Advisory Influence in Foreign Policy Decision-Making | Robert Schub

Tuesday, October 10, 2023
1:00 PM - 2:00 PM
(Pacific)

William J. Perry Conference Room

Speaker: 
  • Robert Schub

About the Event: Why are some foreign policy advisers more influential than others? A new wave of scholarship illuminates why advisers gain influence generally but says little about which advisers get their way. We argue that foreign policy decision-making can be viewed as a “battle of the advisers” and that individual dispositions and effort give some advisers advantages over others. To test our theory, we introduce an original dataset that systematically codes adviser recommendations across a random sample drawn from over 2,000 foreign policy deliberations with the U.S. president between 1947 and 1988. Our findings show that hawkish advisers enjoy greater influence and that advisers who expend more effort before meetings enjoy greater influence—but that these are non-overlapping sets of individuals. Hawks and hawkish messages win because they garner deference from others, especially conservative leaders inclined to venerate traits associated with hawkishness. Contrary to existing accounts, the findings suggest that more experience or social connections do not grant advisers heightened influence.

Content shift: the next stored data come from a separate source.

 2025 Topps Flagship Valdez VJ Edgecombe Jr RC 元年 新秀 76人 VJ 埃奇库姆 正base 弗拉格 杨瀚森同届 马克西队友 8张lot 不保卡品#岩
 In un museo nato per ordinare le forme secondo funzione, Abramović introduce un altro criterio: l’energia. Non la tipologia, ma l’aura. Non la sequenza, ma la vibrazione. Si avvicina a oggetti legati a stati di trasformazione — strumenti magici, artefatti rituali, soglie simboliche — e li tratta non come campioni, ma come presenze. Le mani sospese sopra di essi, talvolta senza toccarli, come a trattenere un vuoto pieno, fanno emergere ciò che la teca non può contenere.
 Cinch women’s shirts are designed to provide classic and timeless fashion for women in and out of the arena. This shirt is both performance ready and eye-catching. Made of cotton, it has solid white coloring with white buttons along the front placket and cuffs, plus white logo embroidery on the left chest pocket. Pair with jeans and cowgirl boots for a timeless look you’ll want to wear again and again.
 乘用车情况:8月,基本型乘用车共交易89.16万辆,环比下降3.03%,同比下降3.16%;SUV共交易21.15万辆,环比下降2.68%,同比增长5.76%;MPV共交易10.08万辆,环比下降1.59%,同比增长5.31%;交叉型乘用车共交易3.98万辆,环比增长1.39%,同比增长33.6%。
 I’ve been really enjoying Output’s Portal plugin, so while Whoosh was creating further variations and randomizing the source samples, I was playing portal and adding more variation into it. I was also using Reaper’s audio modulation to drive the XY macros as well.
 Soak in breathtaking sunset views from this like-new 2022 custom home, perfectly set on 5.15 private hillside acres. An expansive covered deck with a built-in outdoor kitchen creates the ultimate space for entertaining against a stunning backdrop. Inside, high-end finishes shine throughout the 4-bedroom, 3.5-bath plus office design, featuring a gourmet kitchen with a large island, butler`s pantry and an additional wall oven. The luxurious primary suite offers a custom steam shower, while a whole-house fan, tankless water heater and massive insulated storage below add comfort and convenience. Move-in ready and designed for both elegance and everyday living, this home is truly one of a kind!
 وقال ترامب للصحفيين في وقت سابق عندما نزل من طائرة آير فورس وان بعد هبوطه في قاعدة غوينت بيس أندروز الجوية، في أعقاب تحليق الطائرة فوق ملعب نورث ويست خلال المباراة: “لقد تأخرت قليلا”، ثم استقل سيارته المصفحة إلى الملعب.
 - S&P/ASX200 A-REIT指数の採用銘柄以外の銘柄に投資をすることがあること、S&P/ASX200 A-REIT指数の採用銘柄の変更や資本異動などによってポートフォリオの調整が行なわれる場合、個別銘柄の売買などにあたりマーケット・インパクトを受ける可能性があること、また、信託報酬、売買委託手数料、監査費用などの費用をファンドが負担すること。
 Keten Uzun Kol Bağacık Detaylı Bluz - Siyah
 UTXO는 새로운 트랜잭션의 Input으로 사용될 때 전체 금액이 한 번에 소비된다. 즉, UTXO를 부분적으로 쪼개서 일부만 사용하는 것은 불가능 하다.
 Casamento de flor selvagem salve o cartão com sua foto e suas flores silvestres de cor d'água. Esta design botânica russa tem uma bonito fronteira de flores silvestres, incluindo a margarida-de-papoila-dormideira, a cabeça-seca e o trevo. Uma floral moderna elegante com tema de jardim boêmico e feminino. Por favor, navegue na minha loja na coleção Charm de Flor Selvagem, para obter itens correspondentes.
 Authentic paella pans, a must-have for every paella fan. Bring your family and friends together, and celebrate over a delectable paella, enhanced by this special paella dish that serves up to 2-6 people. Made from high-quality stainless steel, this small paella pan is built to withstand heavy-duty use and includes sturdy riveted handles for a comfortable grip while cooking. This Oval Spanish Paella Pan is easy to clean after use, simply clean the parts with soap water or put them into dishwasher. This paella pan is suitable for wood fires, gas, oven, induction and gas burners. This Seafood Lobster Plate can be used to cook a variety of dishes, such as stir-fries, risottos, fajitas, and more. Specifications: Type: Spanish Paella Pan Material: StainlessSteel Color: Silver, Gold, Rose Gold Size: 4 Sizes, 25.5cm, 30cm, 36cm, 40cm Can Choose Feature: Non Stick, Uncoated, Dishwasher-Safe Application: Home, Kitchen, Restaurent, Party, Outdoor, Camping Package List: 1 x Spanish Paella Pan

About the Speaker: Robert Schub is an Assistant Professor of Political Science at Rutgers University. His research addresses international security with an emphasis on (1) the senior officials who make decisions regarding war and peace and (2) the uncertainty they confront when making these decisions. His work studies how the information bureaucracies provide affects the assessments leaders form and how the counsel advisers offer shapes the decisions leaders make. In other work, he studies the individuals who bear the costs of war with a focus on racial dimensions of burden sharing and service-member attitudes toward conflict. His research has appeared in the American Political Science Review, International Organization, International Studies Quarterly, and the Journal of Conflict Resolution among other outlets.

He was previously an Assistant Professor at the University of Nebraska, postdoctoral fellow at the University of Oxford, predoctoral fellow at the Harvard Kennedy School, and received a PhD in Government from Harvard University.